◆ **Data for the task**:
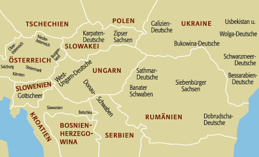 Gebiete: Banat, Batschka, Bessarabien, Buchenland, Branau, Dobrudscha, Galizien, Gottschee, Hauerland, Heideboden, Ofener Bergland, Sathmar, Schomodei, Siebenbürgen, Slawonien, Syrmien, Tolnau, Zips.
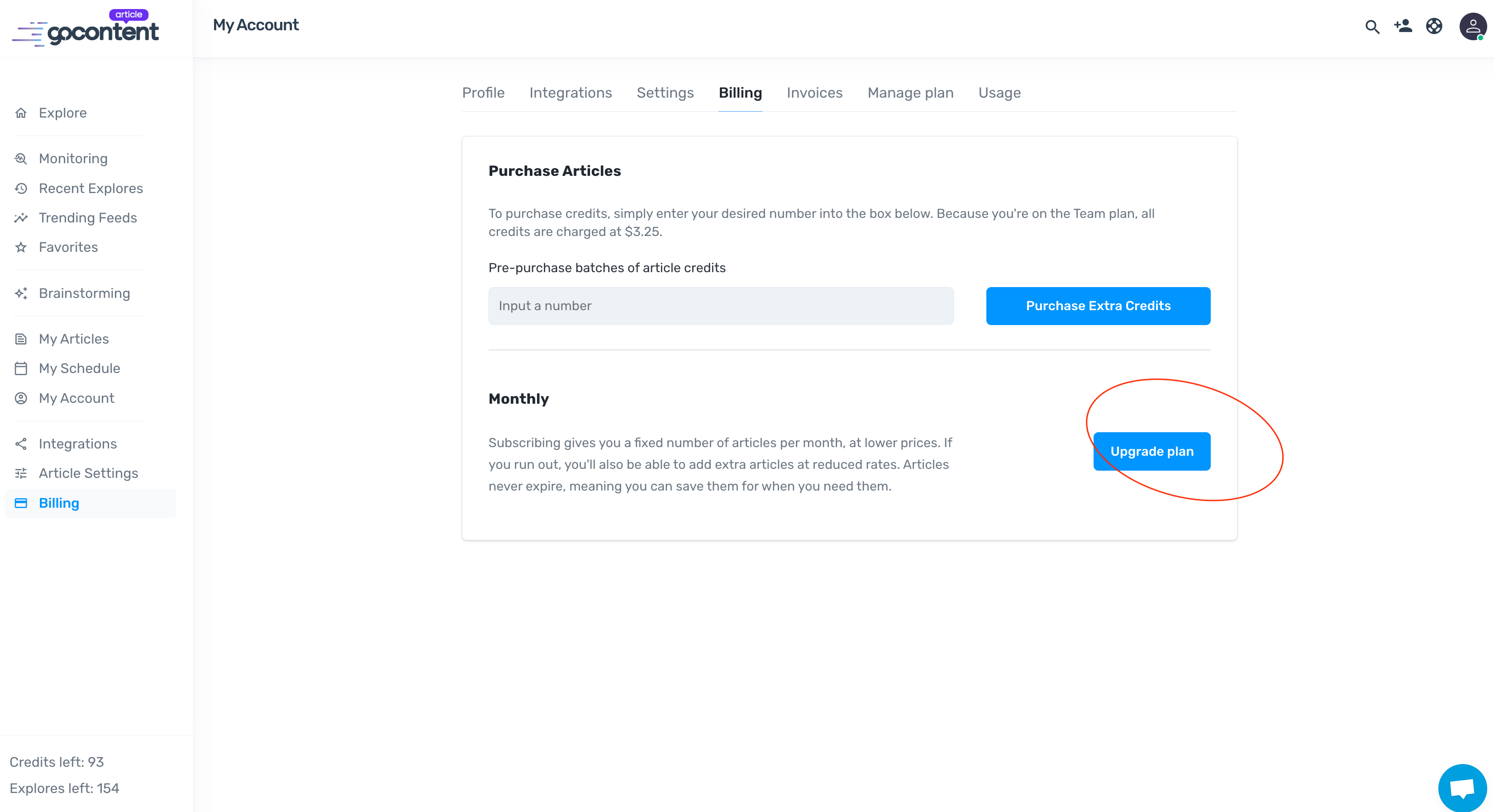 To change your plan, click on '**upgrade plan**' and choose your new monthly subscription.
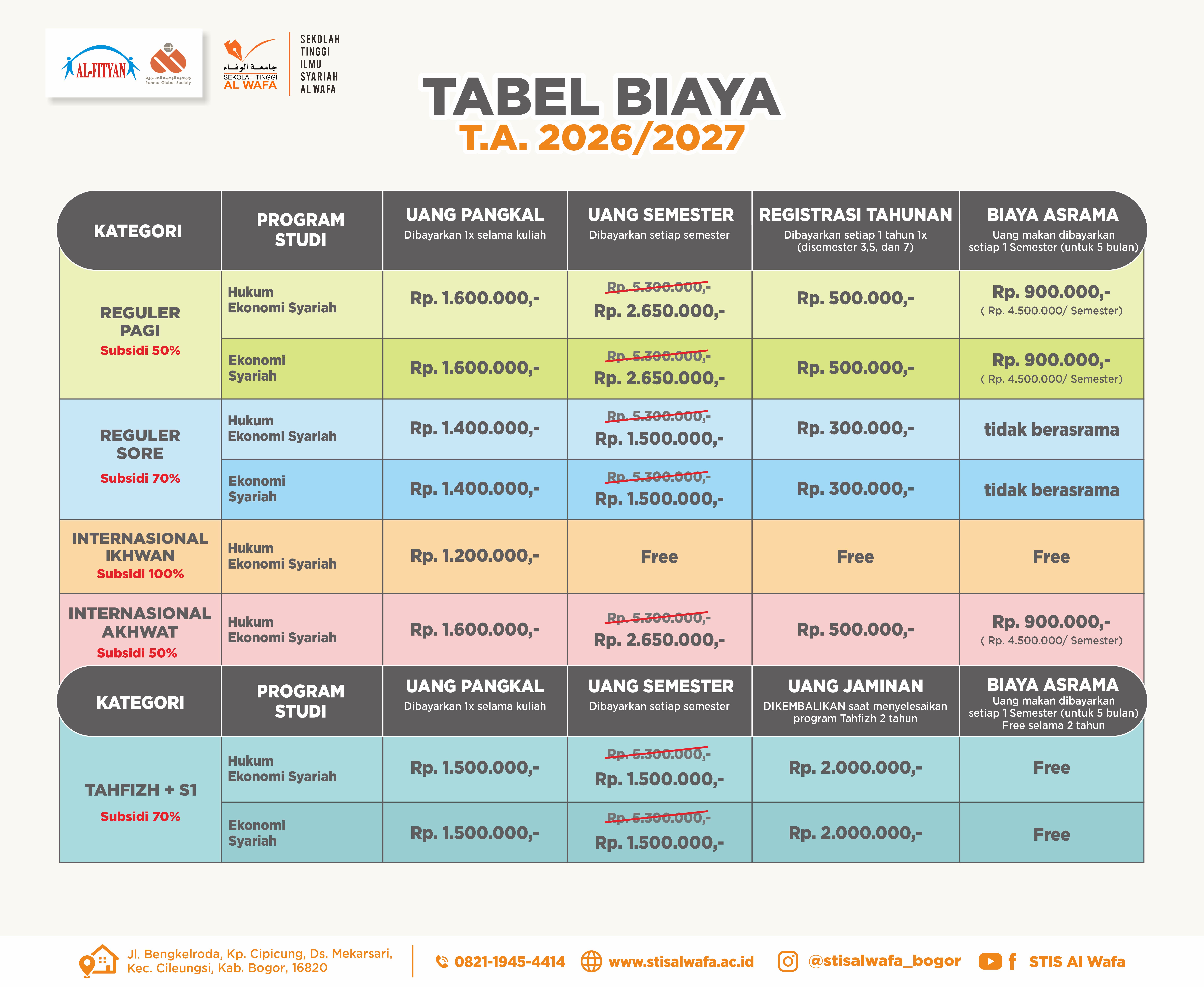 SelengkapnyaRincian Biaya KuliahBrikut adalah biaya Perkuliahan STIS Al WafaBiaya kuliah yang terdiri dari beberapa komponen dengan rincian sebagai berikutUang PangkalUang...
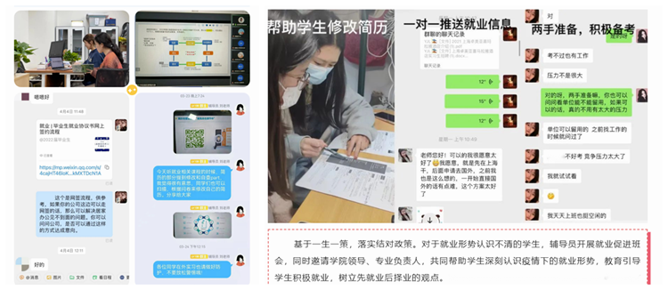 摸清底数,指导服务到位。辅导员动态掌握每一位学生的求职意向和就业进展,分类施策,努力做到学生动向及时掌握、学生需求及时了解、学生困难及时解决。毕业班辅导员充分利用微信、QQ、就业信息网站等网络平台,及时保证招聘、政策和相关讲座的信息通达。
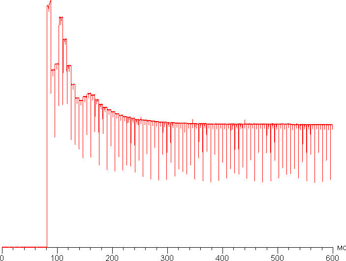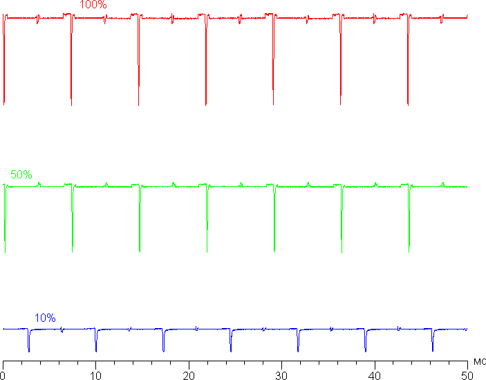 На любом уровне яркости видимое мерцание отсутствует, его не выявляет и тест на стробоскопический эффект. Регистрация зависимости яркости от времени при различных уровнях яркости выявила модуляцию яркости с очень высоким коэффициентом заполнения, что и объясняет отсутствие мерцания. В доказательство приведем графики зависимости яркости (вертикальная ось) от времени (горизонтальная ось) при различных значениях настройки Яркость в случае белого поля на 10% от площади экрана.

◆ **Problem details**:
Once you have returned the line containing "摸清底数,指导服务到位。辅导", stop; begin at the first line of the material, keep each line exact, and skip the pictures.

◆ **Solution**:
 Gebiete: Banat, Batschka, Bessarabien, Buchenland, Branau, Dobrudscha, Galizien, Gottschee, Hauerland, Heideboden, Ofener Bergland, Sathmar, Schomodei, Siebenbürgen, Slawonien, Syrmien, Tolnau, Zips.
 To change your plan, click on '**upgrade plan**' and choose your new monthly subscription.
 SelengkapnyaRincian Biaya KuliahBrikut adalah biaya Perkuliahan STIS Al WafaBiaya kuliah yang terdiri dari beberapa komponen dengan rincian sebagai berikutUang PangkalUang...
 摸清底数,指导服务到位。辅导员动态掌握每一位学生的求职意向和就业进展,分类施策,努力做到学生动向及时掌握、学生需求及时了解、学生困难及时解决。毕业班辅导员充分利用微信、QQ、就业信息网站等网络平台,及时保证招聘、政策和相关讲座的信息通达。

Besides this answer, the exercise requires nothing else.